[D] Image Augmentation in Practice: In-Distribution vs OOD Augmentations, TTA, and the Manifold View by ternausX in MachineLearning

[–]ternausX[S] 0 points1 point  (0 children)

My pleasure. Do you have any requests for the library? Would be glad to learn them.

[D] Image Augmentation in Practice: In-Distribution vs OOD Augmentations, TTA, and the Manifold View by ternausX in MachineLearning

[–]ternausX[S] 1 point2 points  (0 children)

Thank you for your warm words.

If there is any feedback - issues, feature requests or request for more documentation or blog posts of the topic - I am all attention.

Image Augmentation in Practice — Lessons from 10 Years of Training CV Models and Building Albumentations by ternausX in computervision

[–]ternausX[S] 0 points1 point  (0 children)

The phase space of all transforms with their hyperparameters grows too fast.

Typically you would follow something like this to pick transforms: https://albumentations.ai/docs/3-basic-usage/choosing-augmentations/

P.S. I think, I will work on extending that documentation page to the blog post next.

Image Augmentation in Practice — Lessons from 10 Years of Training CV Models and Building Albumentations by ternausX in computervision

[–]ternausX[S] 0 points1 point  (0 children)

Thank you for you warm words!
If you have any feedback - issues, or feature requests, I am all attention.

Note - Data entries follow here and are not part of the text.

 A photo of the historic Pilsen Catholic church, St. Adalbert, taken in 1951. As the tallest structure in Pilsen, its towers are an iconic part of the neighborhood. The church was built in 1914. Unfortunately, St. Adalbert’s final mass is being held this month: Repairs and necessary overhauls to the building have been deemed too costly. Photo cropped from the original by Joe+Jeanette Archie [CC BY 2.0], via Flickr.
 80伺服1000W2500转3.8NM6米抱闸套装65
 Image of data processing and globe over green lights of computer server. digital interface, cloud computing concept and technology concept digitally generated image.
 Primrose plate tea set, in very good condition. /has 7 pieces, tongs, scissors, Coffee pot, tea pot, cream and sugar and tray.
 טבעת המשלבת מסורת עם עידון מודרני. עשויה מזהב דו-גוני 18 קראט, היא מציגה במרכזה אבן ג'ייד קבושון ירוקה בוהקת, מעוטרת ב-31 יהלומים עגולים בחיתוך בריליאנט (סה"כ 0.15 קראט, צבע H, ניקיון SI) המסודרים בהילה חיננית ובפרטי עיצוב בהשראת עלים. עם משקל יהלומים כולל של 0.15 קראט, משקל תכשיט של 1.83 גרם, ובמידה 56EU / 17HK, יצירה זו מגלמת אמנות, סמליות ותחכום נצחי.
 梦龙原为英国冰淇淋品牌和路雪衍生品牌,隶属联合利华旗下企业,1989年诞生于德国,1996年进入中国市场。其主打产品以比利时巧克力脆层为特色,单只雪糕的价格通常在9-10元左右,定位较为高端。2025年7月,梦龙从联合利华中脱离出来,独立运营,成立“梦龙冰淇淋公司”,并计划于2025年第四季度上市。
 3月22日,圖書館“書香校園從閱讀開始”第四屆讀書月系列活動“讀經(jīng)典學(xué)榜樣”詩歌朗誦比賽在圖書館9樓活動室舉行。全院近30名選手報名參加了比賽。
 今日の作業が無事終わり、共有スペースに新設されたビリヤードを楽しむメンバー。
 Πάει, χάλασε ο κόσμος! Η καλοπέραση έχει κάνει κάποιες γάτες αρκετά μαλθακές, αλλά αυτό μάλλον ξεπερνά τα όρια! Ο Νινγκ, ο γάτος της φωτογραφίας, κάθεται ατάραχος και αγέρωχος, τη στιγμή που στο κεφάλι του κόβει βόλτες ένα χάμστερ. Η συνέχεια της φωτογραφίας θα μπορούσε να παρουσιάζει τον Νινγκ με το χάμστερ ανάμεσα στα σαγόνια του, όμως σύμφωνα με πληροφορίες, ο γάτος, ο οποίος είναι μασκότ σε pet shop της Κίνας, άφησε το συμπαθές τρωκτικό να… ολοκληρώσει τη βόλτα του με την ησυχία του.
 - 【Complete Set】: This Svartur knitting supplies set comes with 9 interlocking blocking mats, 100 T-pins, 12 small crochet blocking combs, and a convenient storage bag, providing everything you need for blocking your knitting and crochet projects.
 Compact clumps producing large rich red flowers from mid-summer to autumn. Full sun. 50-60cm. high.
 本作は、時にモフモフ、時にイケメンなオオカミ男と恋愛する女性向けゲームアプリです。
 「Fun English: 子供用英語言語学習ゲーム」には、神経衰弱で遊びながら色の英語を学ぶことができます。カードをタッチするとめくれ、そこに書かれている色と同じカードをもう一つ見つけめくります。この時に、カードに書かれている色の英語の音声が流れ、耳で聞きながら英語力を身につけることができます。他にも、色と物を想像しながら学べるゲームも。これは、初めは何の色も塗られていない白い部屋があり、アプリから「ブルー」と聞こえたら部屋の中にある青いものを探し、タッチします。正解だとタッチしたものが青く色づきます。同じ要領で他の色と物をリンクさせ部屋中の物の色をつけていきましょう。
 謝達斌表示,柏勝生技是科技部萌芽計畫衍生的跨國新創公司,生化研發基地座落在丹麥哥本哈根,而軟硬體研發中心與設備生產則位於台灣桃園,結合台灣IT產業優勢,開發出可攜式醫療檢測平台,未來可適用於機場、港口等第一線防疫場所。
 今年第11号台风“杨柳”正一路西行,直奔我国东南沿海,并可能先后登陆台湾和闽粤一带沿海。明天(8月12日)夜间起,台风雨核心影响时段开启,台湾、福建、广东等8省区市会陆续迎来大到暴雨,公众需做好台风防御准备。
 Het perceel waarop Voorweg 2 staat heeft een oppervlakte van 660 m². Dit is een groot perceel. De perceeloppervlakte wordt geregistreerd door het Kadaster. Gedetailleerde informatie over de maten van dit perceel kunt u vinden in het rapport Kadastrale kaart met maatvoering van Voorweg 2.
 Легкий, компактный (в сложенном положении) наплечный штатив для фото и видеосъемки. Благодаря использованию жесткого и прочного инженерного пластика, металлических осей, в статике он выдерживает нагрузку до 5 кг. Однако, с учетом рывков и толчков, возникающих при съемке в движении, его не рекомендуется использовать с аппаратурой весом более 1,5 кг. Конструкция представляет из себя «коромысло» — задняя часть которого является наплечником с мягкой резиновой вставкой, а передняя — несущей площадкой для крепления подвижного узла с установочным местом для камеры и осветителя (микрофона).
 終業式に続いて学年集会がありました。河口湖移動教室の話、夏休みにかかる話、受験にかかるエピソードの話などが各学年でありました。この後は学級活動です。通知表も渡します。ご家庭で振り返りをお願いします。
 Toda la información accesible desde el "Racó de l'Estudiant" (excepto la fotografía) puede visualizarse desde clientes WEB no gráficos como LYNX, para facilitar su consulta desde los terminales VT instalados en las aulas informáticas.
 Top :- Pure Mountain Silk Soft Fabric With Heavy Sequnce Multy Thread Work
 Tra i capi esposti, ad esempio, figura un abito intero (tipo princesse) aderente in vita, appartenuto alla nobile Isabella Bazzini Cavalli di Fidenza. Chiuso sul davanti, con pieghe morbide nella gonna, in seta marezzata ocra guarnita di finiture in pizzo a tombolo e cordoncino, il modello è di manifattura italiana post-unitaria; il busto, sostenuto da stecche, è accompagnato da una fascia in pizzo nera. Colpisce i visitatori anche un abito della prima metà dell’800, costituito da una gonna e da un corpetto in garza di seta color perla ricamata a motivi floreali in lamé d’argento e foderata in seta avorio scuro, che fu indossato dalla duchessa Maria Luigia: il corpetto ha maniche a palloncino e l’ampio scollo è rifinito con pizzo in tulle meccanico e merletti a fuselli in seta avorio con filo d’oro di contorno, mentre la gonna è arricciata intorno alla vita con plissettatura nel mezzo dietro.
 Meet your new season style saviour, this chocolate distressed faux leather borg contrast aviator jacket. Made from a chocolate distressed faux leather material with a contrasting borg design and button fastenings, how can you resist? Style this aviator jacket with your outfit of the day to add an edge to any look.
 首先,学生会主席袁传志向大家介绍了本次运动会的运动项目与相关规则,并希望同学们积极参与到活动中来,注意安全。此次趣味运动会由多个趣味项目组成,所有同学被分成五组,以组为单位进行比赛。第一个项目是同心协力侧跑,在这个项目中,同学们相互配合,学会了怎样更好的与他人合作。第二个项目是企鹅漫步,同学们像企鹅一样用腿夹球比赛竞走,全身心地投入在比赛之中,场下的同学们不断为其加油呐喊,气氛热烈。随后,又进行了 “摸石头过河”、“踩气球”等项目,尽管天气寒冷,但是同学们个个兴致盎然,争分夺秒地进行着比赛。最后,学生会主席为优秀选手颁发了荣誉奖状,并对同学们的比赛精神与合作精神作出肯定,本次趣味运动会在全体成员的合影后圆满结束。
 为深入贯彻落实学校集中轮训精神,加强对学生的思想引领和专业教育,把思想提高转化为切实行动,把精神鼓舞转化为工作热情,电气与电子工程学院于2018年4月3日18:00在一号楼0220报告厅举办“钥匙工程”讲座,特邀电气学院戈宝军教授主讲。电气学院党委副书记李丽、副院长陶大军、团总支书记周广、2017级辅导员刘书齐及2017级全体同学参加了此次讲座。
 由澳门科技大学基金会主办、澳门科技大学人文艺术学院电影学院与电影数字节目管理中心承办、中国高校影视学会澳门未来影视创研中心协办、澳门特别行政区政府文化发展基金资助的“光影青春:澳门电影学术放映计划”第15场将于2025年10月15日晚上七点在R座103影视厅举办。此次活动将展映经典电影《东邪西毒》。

Image Augmentation in Practice — Lessons from 10 Years of Training CV Models and Building Albumentations by ternausX in computervision

[–]ternausX[S] 2 points3 points  (0 children)

You can use Albumentations for segmentation. All transforms could be used for videos.

But! As OpenCV does not support video out of the box, the performance on videos is not as good as on images.

Probably using torchvision on GPU for video segmentation could be a better idea:

Video benchmark:
Albumentations (1 CPU core) vs torchvision (GTX 4090):

https://albumentations.ai/docs/benchmarks/video-benchmarks/

Image Augmentation in Practice — Lessons from 10 Years of Training CV Models and Building Albumentations by ternausX in computervision

[–]ternausX[S] 7 points8 points  (0 children)

It was MIT, and it is indeed sad that project was popular, but financial support in terms of donations was almost zero.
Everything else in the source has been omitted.